When $x\neq -1, 1$ let us compute $$\lim_{n\rightarrow\infty}\lvert{\frac{C_n}{C_{n-1}}}\rvert =\lim_{n\rightarrow \infty}|\frac{\frac{1}{n}\frac{x^n}{1-x^n}}{\frac{1}{n-1}\frac{x^{n-1}}{1-x^{n-1}}}|=\lim_{n\rightarrow\infty}\lvert \frac{n-1}{n}\frac{x-x^n}{1-x^n}\rvert =\left\{ \begin{align} 1& &x\in(-\infty,-1)\cup(1,\infty)\\ |x|& &x\in(-1,1) \end{align} \right.$$ Therefore, the series is convergent when $x\in(-1,1)$.
When $x\in(-\infty,-1)\cup(1,\infty)$ the series is approximately $\sum_{n=1}^{\infty}-\frac{1}{n}$ so we should expect that the series is divergent. The detailed analysis is the following.
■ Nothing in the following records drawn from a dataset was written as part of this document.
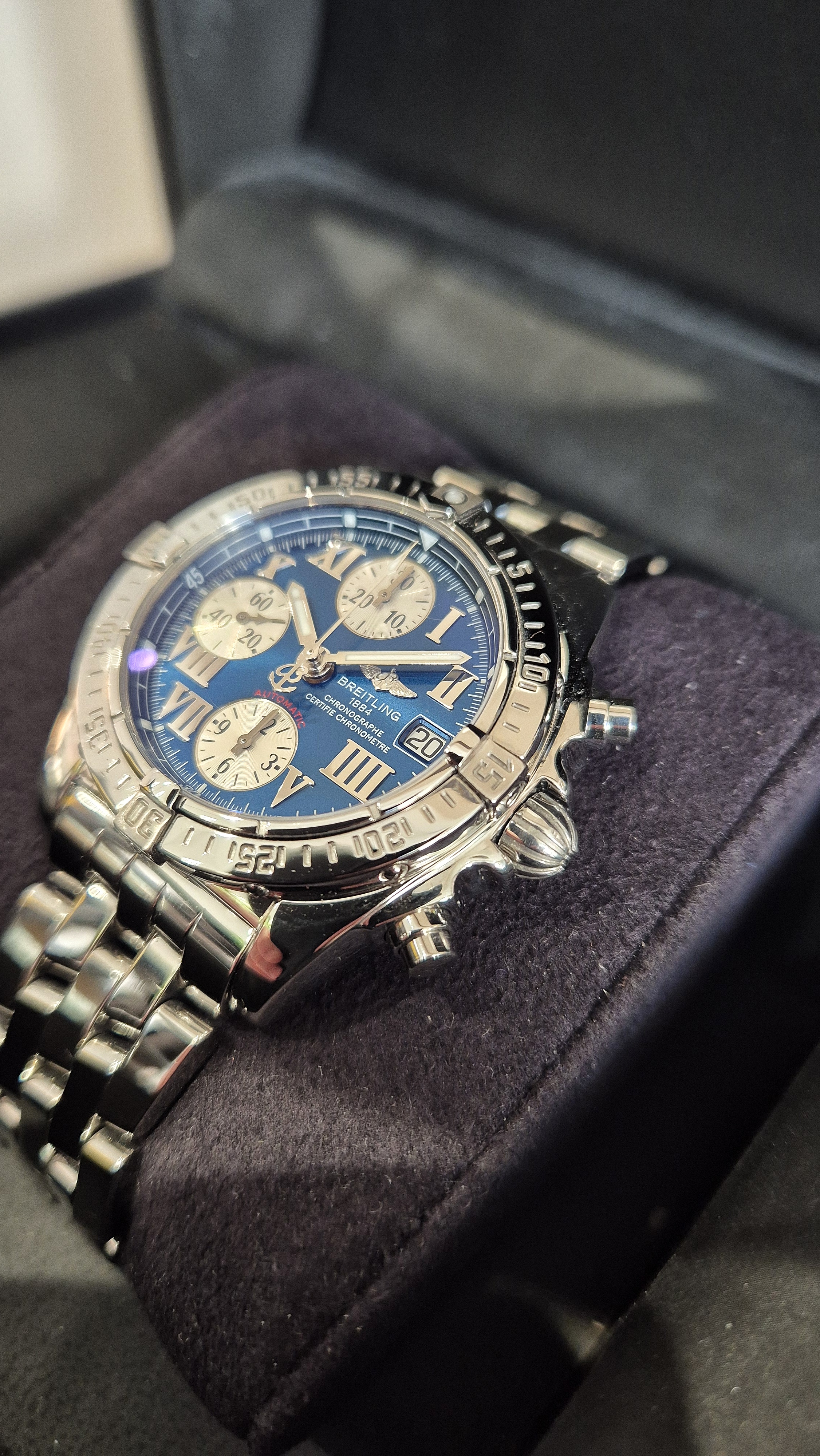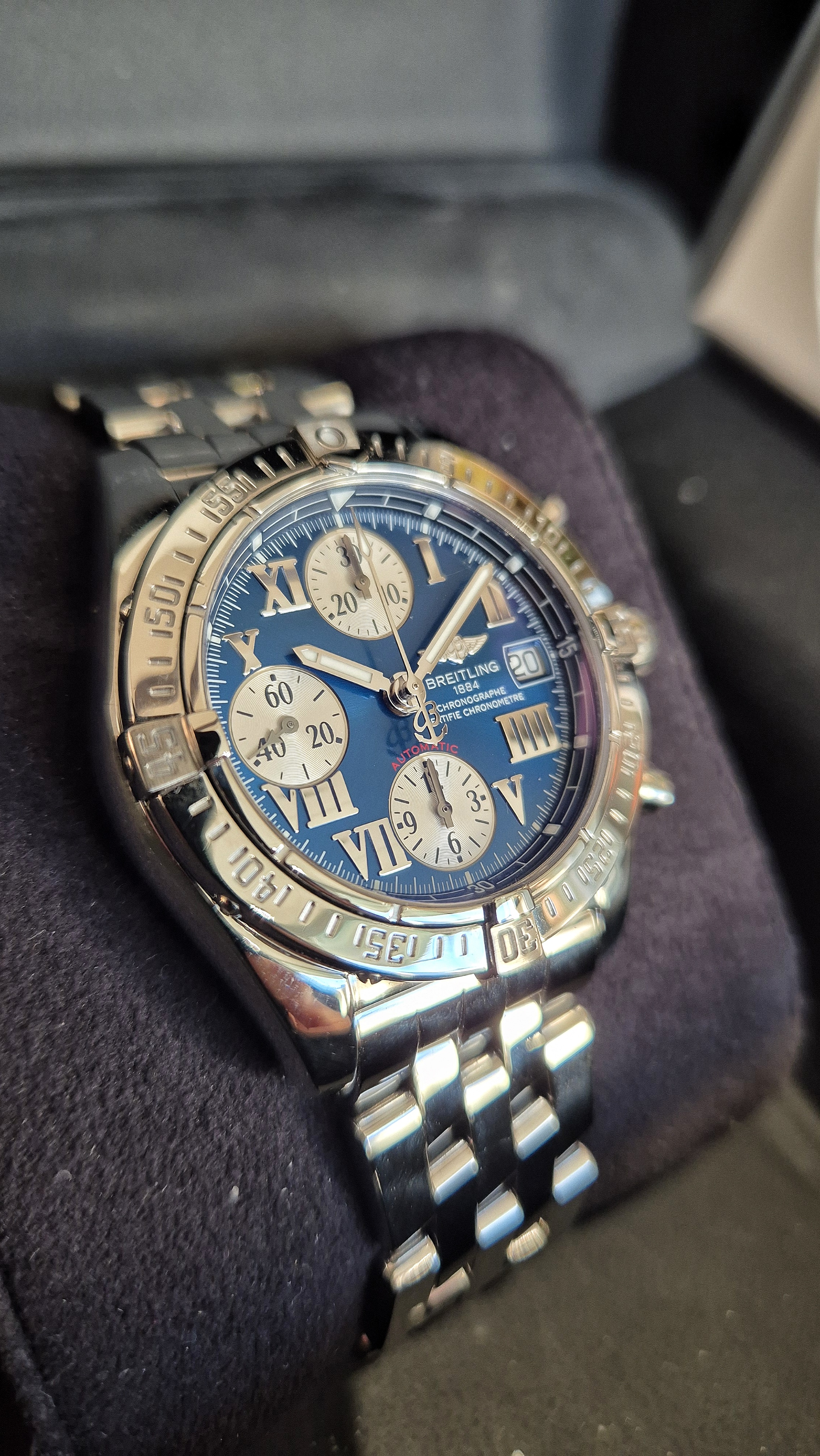 Breitling Chrono Cockpit A13358 – Blå urskive (Service + Boks)
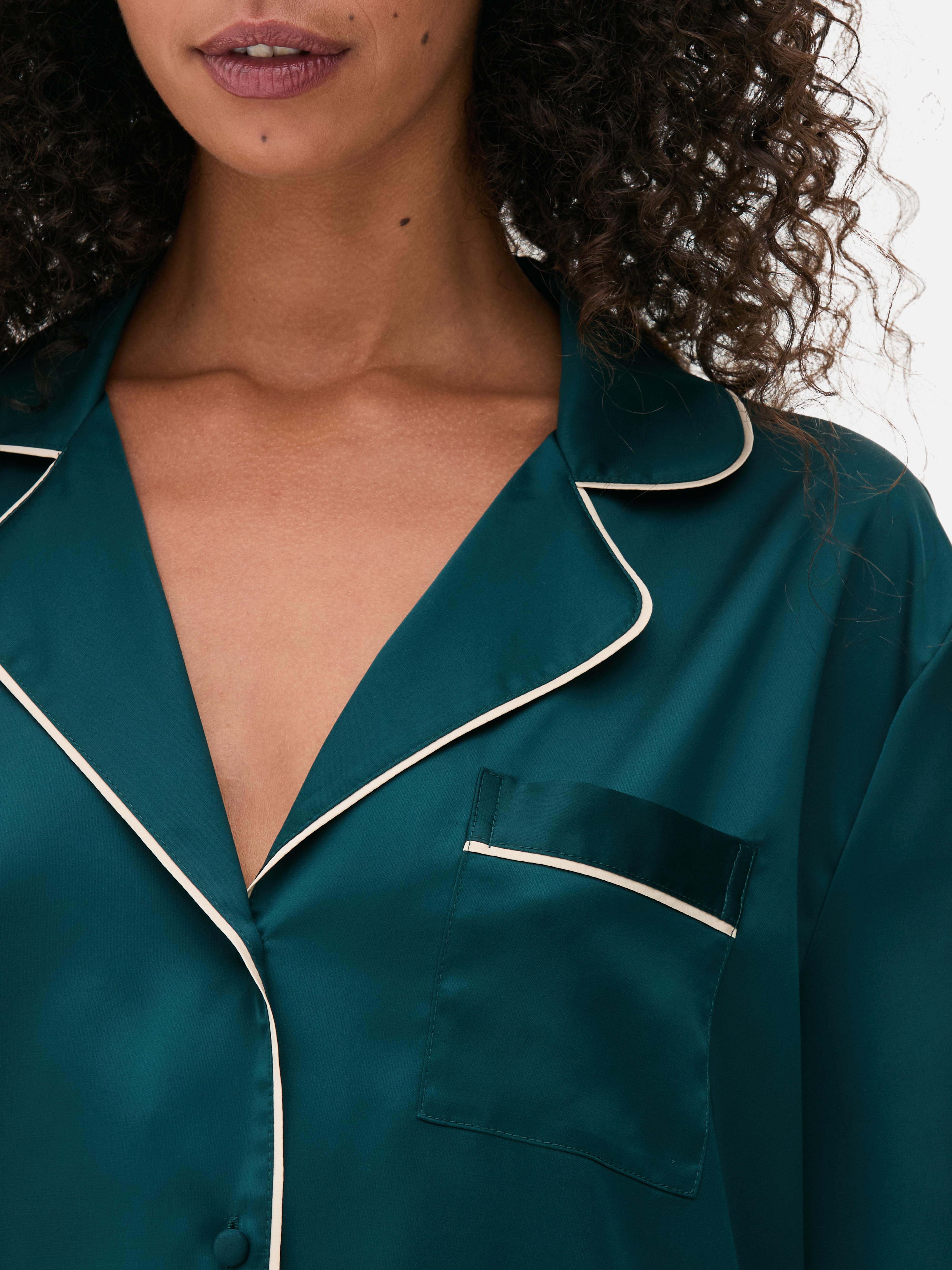 Classic boyfriend pajamas in smooth satin with a patch pocket and contrast trim
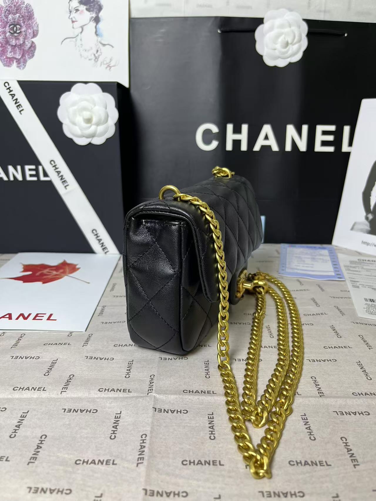25C Mini Flap 19cm Pelle di agnello nera Hardware a forma di cuore dorato
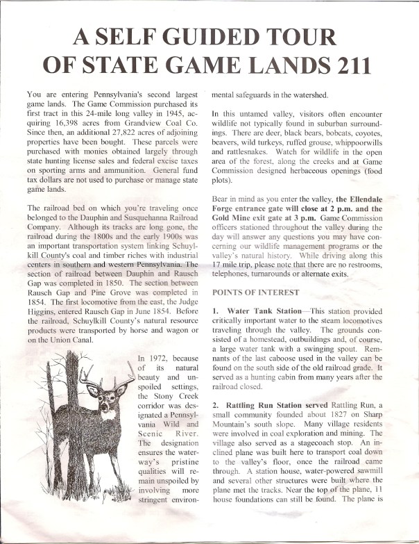 Yesterday was the “one-day-a-year” that people were able to drive the old railway track bed north of Harrisburg. The 17 mile trip took travelers along the Stony Creek trail. Last week Columbia news, views & reviews said this about the trip: “Your one chance: ‘One-day-a-year drive on railroad bed through Stony Creek wilderness has flaming foliage, history, scenic stream and wildlife’ – Lancaster Intelligencer Journal/New Era.” Outdoor writer Ad Crable must have done one heck of a job, because it seemed like every four-wheel-drive vehicle from here to there showed up “to do the trail.”
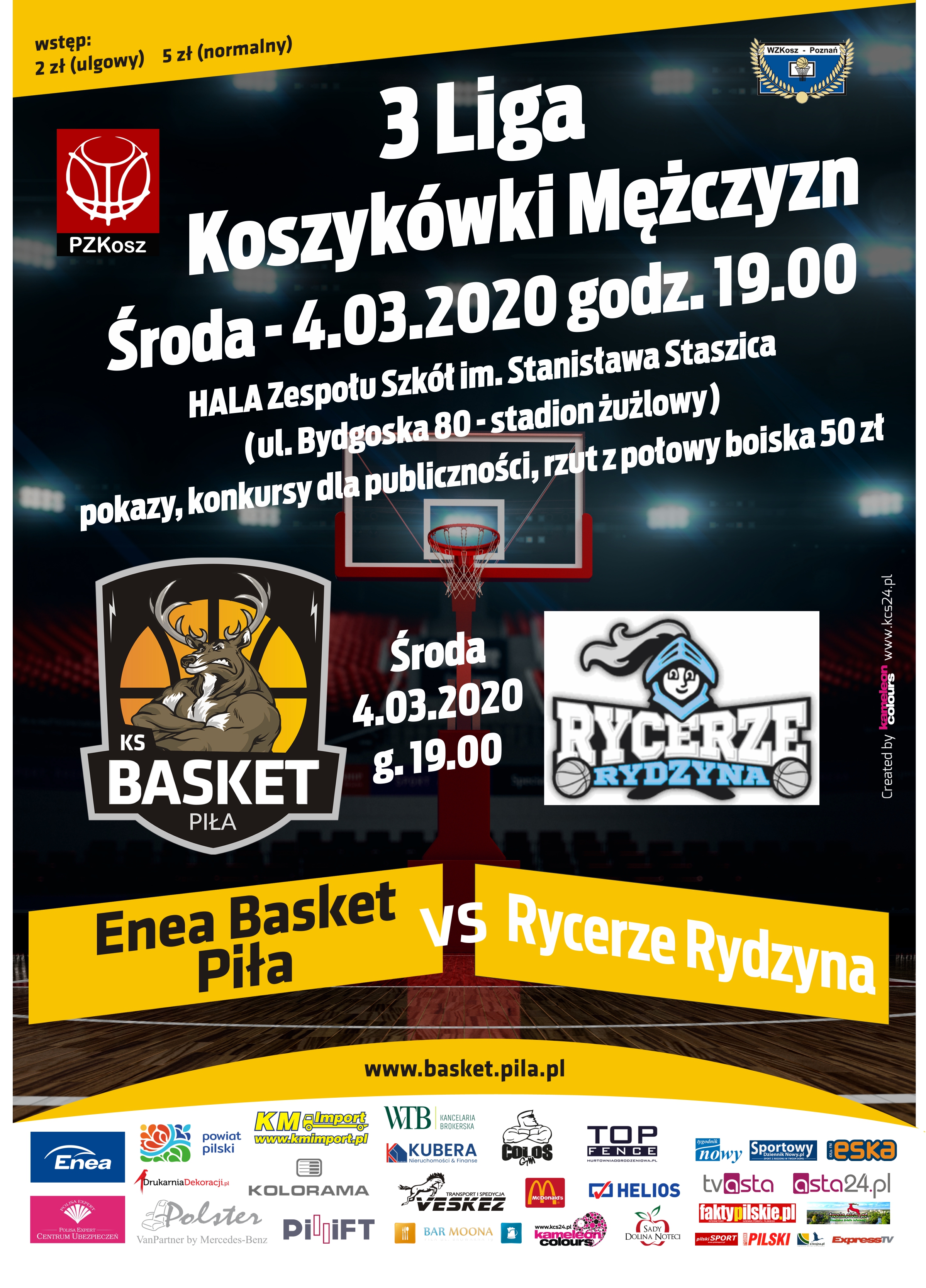 W środę 4 marca o godz. 19.00 w hali Zespołu Szkół im. Stanisława Staszica w Pile przy ul. Bydgoskiej 80 pilscy koszykarze podejmą trzecią drużynę ligowej kampanii Rycerzy Rydzyna. W pierwszym meczu tych zespołów lepsi byli Rycerze pokonując Basket 74:67. Trzy dni później w sobotę 7 marca do Piły przyjeżdża lider trzecioligowych zmagań PGE Spójnia II Stargard. Młoda i świetnie wyszkolona drużyna, będąca zapleczem ekstraklasowej Spójni stawi czoła pilskim koszykarzom. Jak podkreśla Przemysław Pochylski - w tym meczu, mówiąc żargonem koszykarskim, zostaną oddzieleni chłopcy od mężczyzn. W tym meczu okaże się na jakim etapie i w jakiej formie są obie drużyny tuż przed decydującymi starciami w półfinałach i finale o awans do II PLK. Początek spotkania o godz. 17.00 również hali Zespołu Szkół im. Stanisława Staszica w Pile przy ul. Bydgoskiej 80.
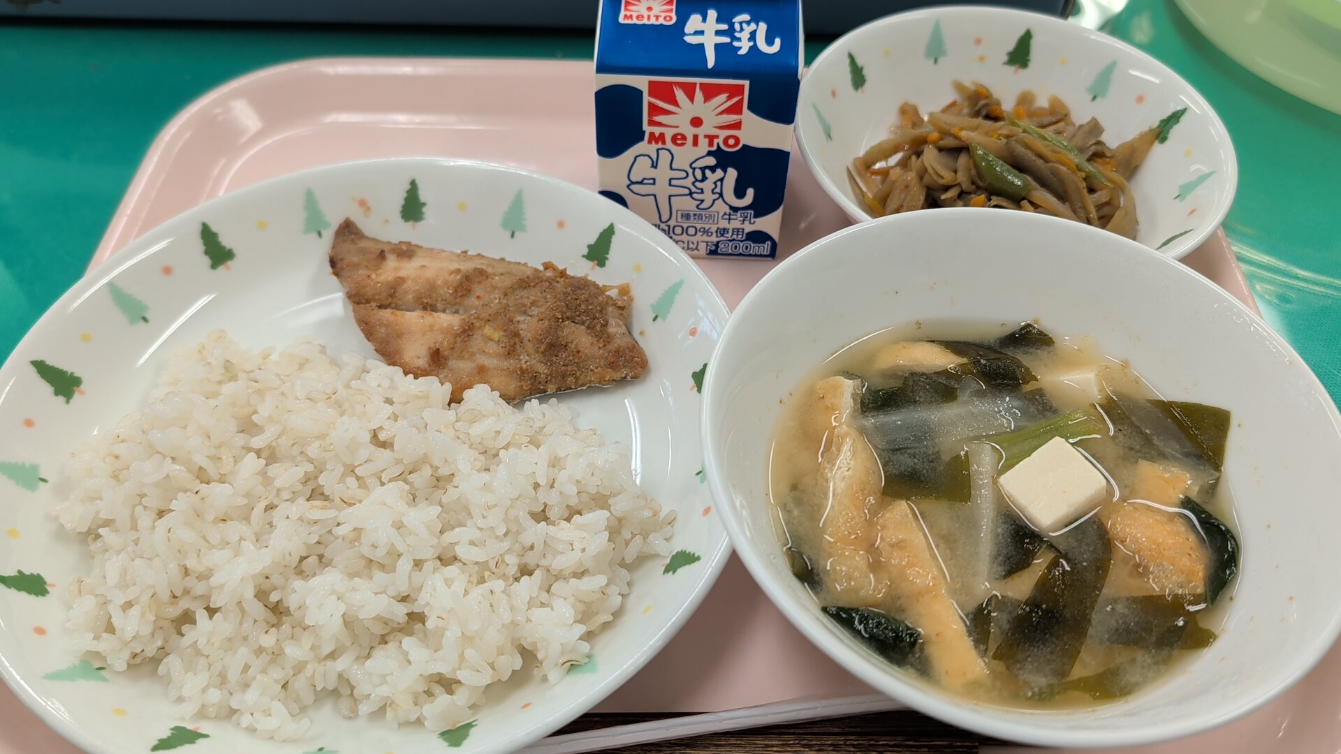 学校全体今日の給食は、麦ごはん、さわらの香味焼き、大根と小松菜のみそ汁、ごもくきんぴら、牛乳でした。
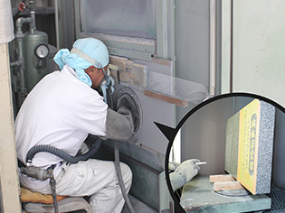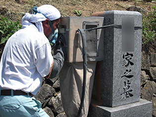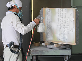 - お墓の正面文字や戒名などを彫り入れていく工程です。サンドブラストという機械で、鉄砂を高圧の空気で吹き付けて彫り入れします。
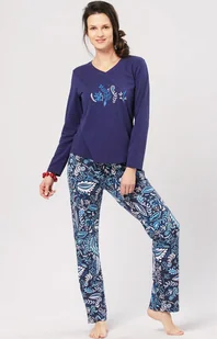 Piżama damska etno z długim rękawem LNS 79, wykonana z naturalnej bawełny z dodatkiem elastanu, która zapewnia ciepło i miękko dopasowuje się do ciała. Klasyczny krój bluzki z dekoltem w szpic i delikatnym, lekko błyszczącym roślinnym rysunkiem. Prosta nogawka spodni jest wygodna podczas spania, nie opina dolnej partii nóg. Bardzo wygodny komplet damski do spania. Śnieżna biel połączona z odcieniami niebieskiego i głębokiego granatu przynosi przyjemne wytchnienie i daje radość.
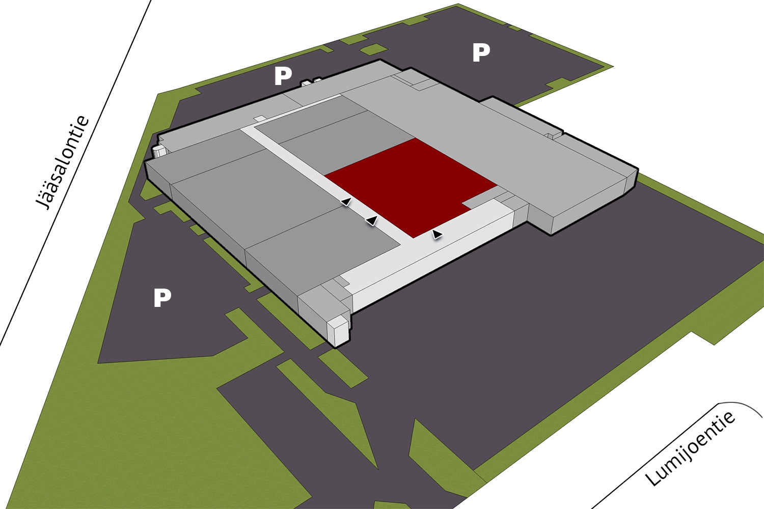 Saavutettavuus erinomainen, ja pihassa erittäin hyvät paikoitusmahdollisuudet. Pihaan tullaan asentamaan sähköautojen latausmahdollisuus.

When $x\in(1,\infty)$, $\frac{x^n}{1-x^n}<-1$ so $$\sum_{n=1}^{\infty}\frac{1}{n}\frac{x^n}{1-x^n}<\sum_{n=1}^{\infty}-\frac{1}{n}$$ which is divergent. When $x\in(-\infty,-1)$ it is possible to prove that $C_{2k}+C_{2k+1}<-\frac{1}{2k}-\frac{1}{2k+1}, k\in\mathbb{N}$ and by similar argument the series is also divergent.
(ii)When $x\in\mathbb{Z}$ the series is not defined.
When $x\not\in\mathbb{Z}$, $\lvert(-1)^n\frac{1}{x^2-n^2}\rvert<\frac{2}{n^2}$ when $n$ is sufficiently large and it is known that $\sum_{n=1}^{\infty}\frac{2}{n^2}$ is convergent. Therefore the series is convergent when $x\not\in \mathbb{Z}$.